Sottoscrivo, _sembrò _sta per _diede l'impressione di_.


----------



## Necsus

annapo said:


> *Sembrare + infinito* ha il significato di _dare l'impressione di qualcosa, ad una terza persona (reale o figurata) che osserva le cose dall'esterno _





laurentius87 said:


> Sottoscrivo, _sembrò _sta per _diede l'impressione di_.


Be', sì, credo di sapere che _sembrare_ usato impersonalmente ha questo significato, non foss'altro perché l'ha già detto *zone noir *(oltre ai vocabolari):


zone noire said:


> Se per una qualche ragione sussistesse ancora il dubbio dell'autore che Matilde non li abbia collezionati si potrebbe al limite dire: _nelle settimane successive Matilde diede l'impressione di collezionarli come figurine_ (lasciando ancora un flebile dubbio che cio' non sia vero).
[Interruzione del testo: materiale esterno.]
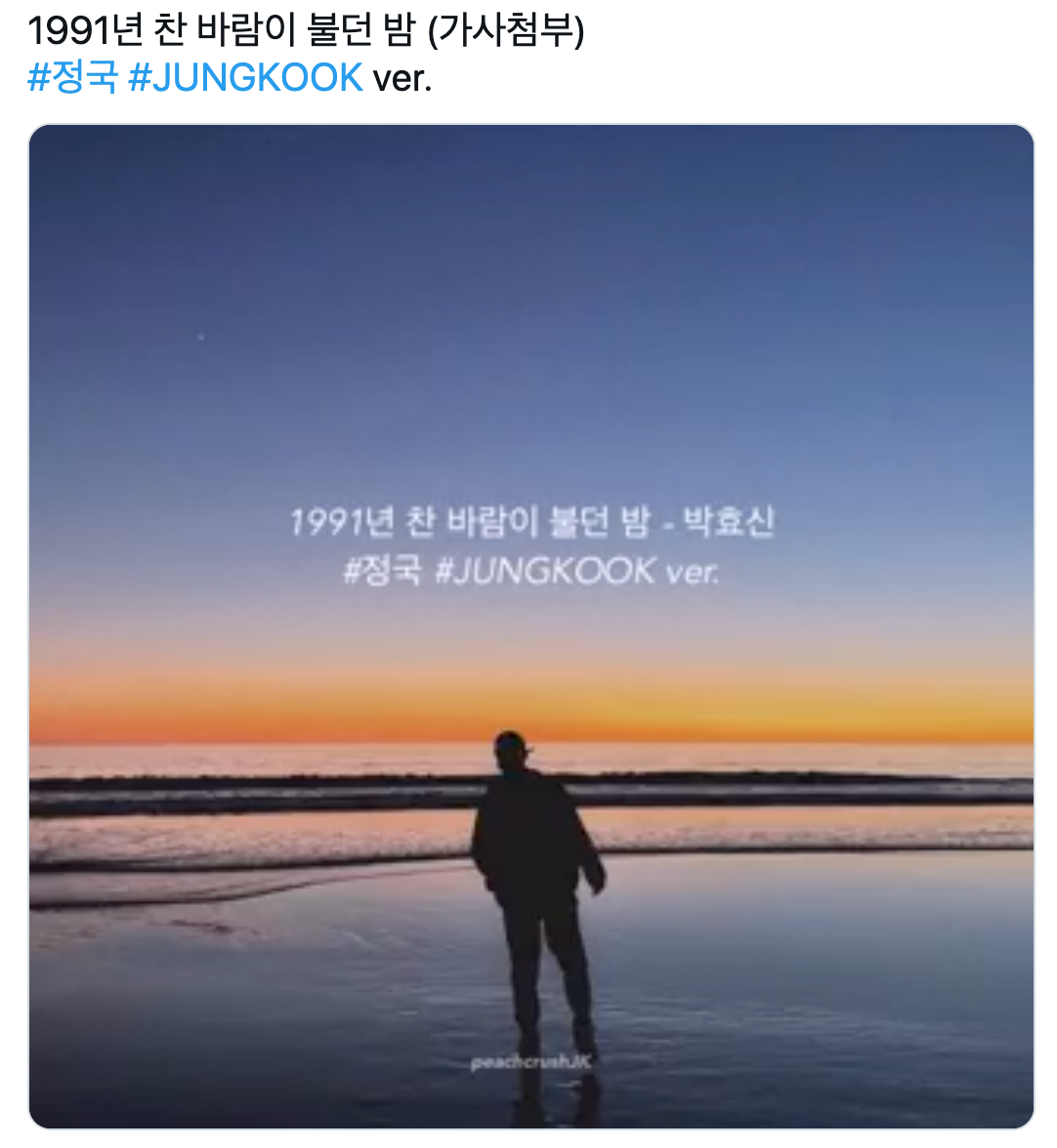 “1991년 찬 바람이 불던 밤 (가사첨부) #정국 #JUNGKOOK ver. https://t.co/RkpSUeyy94”

Quindi, secondo voi, sarebbe tutto impressione, apparenza: prima la passione per gli uomini di colore (_sembrava_ rivolgersi) e poi il fatto che potesse collezionarli (_sembrò_ collezionarli)? Nessuna delle due cose è reale...


----------



## annapo

Necsus said:


> Quindi, secondo voi, sarebbe tutto impressione, apparenza: prima la passione per gli uomini di colore (_sembrava_ rivolgersi) e poi il fatto che potesse collezionarli (_sembrò_ collezionarli)? Nessuna delle due cose è reale...


 
Lo scrittore adotta *un punto di vista*: descrive quello che avviene a questo personaggio, non come se fosse una cosa oggettiva (non dice:li collezionava), ma filtrando il racconto attraverso la percezione di un soggetto (potrebbe essere la sua, potrebbe essere l'io narrante, se ci fosse, ecc). Quindi ci dice che sembrava (a qualcuno, a chi osservava i fatti dall'esterno, ecc) che li collezionasse. 
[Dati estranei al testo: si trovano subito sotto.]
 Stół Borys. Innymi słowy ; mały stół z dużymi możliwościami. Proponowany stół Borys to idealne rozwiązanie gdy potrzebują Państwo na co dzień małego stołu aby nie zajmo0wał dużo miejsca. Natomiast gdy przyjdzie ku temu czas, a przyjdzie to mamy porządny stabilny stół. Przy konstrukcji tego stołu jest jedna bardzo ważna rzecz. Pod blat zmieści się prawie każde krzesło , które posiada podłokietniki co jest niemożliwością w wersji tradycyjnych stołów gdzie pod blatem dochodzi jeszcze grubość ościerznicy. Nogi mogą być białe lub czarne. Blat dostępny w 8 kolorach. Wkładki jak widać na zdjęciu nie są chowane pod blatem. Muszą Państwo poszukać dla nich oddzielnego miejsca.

Si tratta di una condizione assai comune nella letteratura moderna, sia italiana che straniera: si passa da un narratore onniscente, impositivo ed oggettivo ad un narratore che si pone nella prospettiva di un punto di vista (anche di più di un punto di vista).


----------



## infinite sadness

Sì, concordo. Mi sembra un modo normale di usare il verbo _sembrare_, anche al di fuori del settore _narrativa_.


----------